Om dit te voorkomen is het verstandig om ook een solo mee te sturen naar de tandtechnieker, zodat deze meer informatie heeft over waar het botniveau zich bevindt. Let ook goed op met tijdelijke abutments en implantaten in het front. De tijdelijke abutments lijken qua uitvoering vaak erg veel op ti-base abutments.

Immediate placement

Als er gekozen wordt voor immediate placement is de anatomie van de premaxilla erg kritisch. Vaak is er een grote concaviteit buccaal. Het mooie van de digitale techniek is dat in de software al veel gecontroleerd kan worden. Zo kan bepaalde worden waar het schroefgat moet komen en kan ook een tijdelijke kroon ontworpen en direct gefreesd worden.

De guided surgery is erg handig voor de plaatsing van het implantaat, maar is nooit helemaal exact. Daarom moet er in het tijdelijke kroontje iets meer ruimte gefreesd worden. Zo is er iets meer speling en past hij eigenlijk altijd. Het cementeren van de kroon op het tijdelijke abutment gebeurt direct na implanteren met behulp van een klein stukje rubberdam. Dit om te voorkomen dat er cement bij de augmentatiematerialen komt. De kroon wordt vervolgens losgeschroefd en buiten de mond afgewerkt als tijdelijke voorziening. Dit om zo min mogelijk bondingachtige stoffen bij de bloedende weefsels te hebben en het abutment zo min mogelijk los te schroeven. Met iedere bewerking wordt het weefsel immers weer geïrriteerd.

Scantechniek kronen

Vroeger werd er voor het afdrukken van een definitieve kroon gewerkt met geïndividualiseerde afdrukstiften om de vorm van de tijdelijke kroon over te nemen. Inmiddels is er ook een scantechniek ontwikkeld waarbij eerst een scan gemaakt wordt met de tijdelijke kroon in situ. Vervolgens wordt de losse tijdelijke kroon gescand en als laatste wordt er gescand met een scanbody op de plaats van de tijdelijke kroon. Deze drie scans worden over elkaar gelegd, door het kiezen van drie overeenkomende punten. De software projecteert de drie scans over elkaar heen.

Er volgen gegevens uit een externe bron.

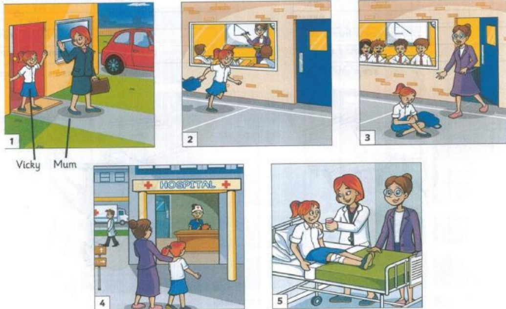
Vicky's strange day

Vicky's mom is a doctor. She's saying to Vicky, 'I've got to go to _____. Be quick, you're late for _____'.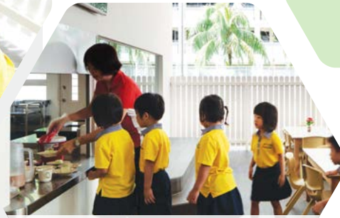
The Open Kitchen allows children to observe and experience the process from harvesting, cooking to serving of meals.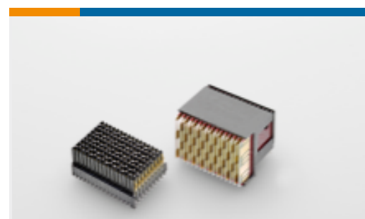
TE Part #2313238-1 VERTRECCASSY, J0/J1A, MULTIGIG RT3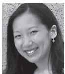
Leana S. Wen, M.D. 2007 Rhodes Scholar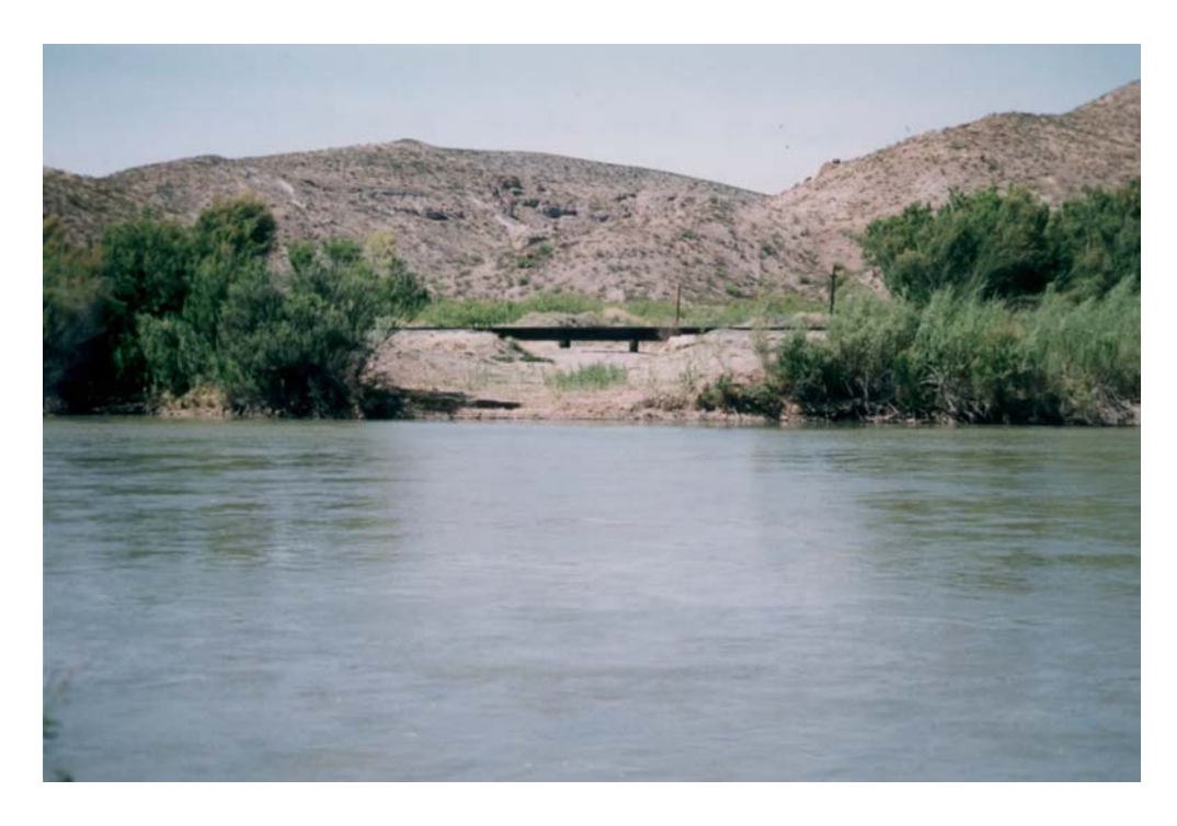
Arroyo : Arroyo confluence with railroad right-of-way. Salt cedar and willows line the river bank.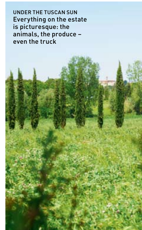
UNDER THE TUSCAN SUN Everything on the estate is picturesque: the animals, the produce – even the truck

For those visitors who book one of the pretty converted cottages dotted around the farm there are home-cooked meals to enjoy under the giant fig tree at the main farmhouse. The simplicity of Tuscan cooking, using only the best and freshest ingredients, shines through in these fabulous recipes from La Vialla's kitchens. There's a lot of olive oil, a lot of family heritage and a lot of sun-kissed passion in these dishes – and they taste good... »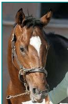
Brother Derek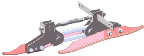
Section insulator Save-T (design modifications are reserved)

The globally operating company Arthur Flury AG manufactures high-quality electromechanical components and systems. At InnoTrans two new products for the tramway overhead contact line will be presented: The new Save-T section insulator is an innovative solution for 1 kV DC systems. It can be used at relatively high speeds in both directions, convinces by its low weight as well as the proven Arthur Flury quality and is quickly installed. Another new product innovation is based on a further development of the proven FDX tram crossing and is system-specifically adjustable between 50 ° - 90 ° for flexible use.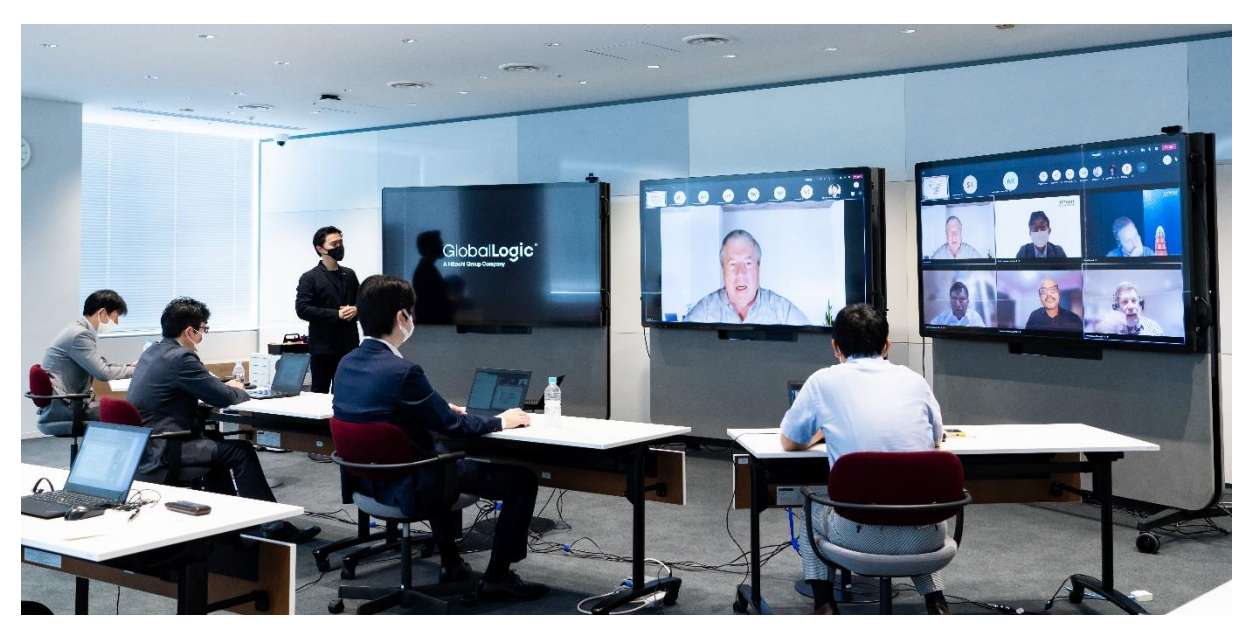
A workshop connecting "Lumada Innovation Hub Tokyo" and GlobalLogic's Design and Engineering Centers

Company to Provide DX Services in the Japanese Market, Combining Lumada's Capabilities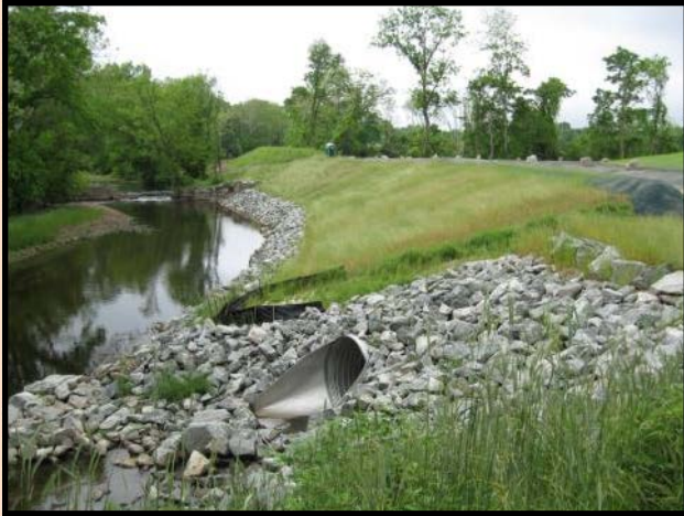
View from Sons of Italy parking lot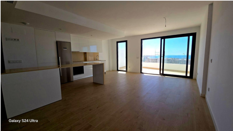
Galaxy S24 Ultra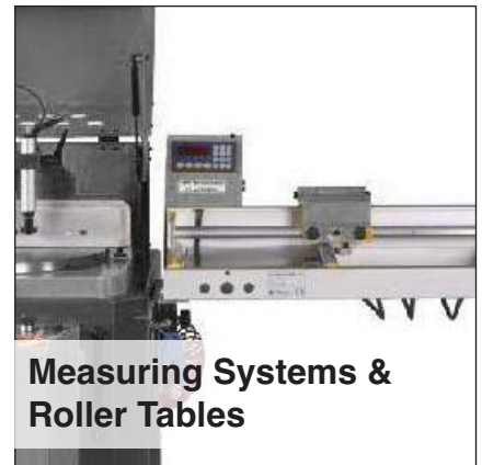
Measuring Systems & Roller Tables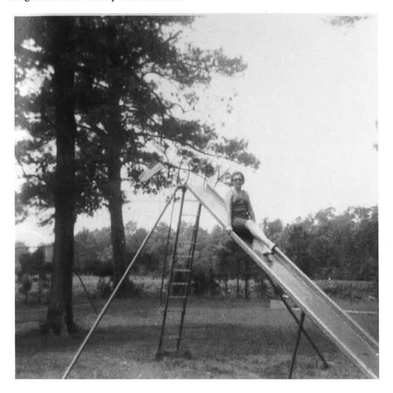
Figure #6 Lynell James on slide, Pleasant Plain Community Center playground, 1975. View facing south.

Doordat de tijdelijke restauratie de basis is voor de scan van het definitieve abutment heb je al de basis voor de juiste druk op de gingiva.

Door al deze technieken samen kun je ervoor zorgen dat op het moment van plaatsen de tijdelijke kroon maar één keer los is geweest.

3D-geprint model

Een nadeel van de digitale workflow is dat er alleen een 3D-geprint model is. Deze geprinte modellen zijn nog niet zo precies. De tandtechnieker heeft alleen dit model om de abutments met de gefreesde bruggen te verlijmen. Wanneer er ergens een misfit zit komt er spanning op een implantaatconstructie te staan, waardoor er kans is op breuk.

Passive fit

Een belangrijke term in de digitale wereld is dan ook de ‘passive fit’. De scanners zijn erg nauwkeurig, maar als er ergens in fabricatieproces een onnauwkeurigheid zit dan ontstaan er problemen.

Vroeger was er iets meer speling, omdat er gewerkt werd met metaal, wat iets buigt. Wanneer er wat spanning op kwam te staan, chipte er alleen een stukje porselein af. Zirkonium daarentegen chipt niet, maar breekt in zijn geheel.

Hiervoor is een oplossing gevonden door het verlijmen van de abutments met de gefreesde kronen in de mond van de patiënt uit te voeren en daarna buiten de mond af te werken. Maar ook dit bleek niet ideaal.

Scannen en 3D-geprint model

In een nieuwe techniek wordt gescand en een 3D-geprint model gemaakt. Dit model wordt echter niet gebruikt voor het verlijmen. Er wordt een extra pasmodel gemaakt door de afdrukstiften te versplinten (met elkaar te verbinden met een starre constructie). Hieruit kan een eenvoudig gips model gemaakt worden, wat veel preciezer is, waarop de technieker perfect een zirkonium brug op het abutment kan cementeren.

Mondscan

Niet alleen bij implantaatbehandeling, maar ook bij het vooronderzoek wordt digitaal gewerkt met een mondscan in plaats van een alginaatafdruk. Deze scan kan gebruikt worden om uiteindelijk implantaten op te plannen, maar ook om tijdelijke voorzieningen op te maken. De computer plaatst de oude scan en de scan met preparaties over elkaar en berekent een tijdelijke voorziening die gefreesd wordt.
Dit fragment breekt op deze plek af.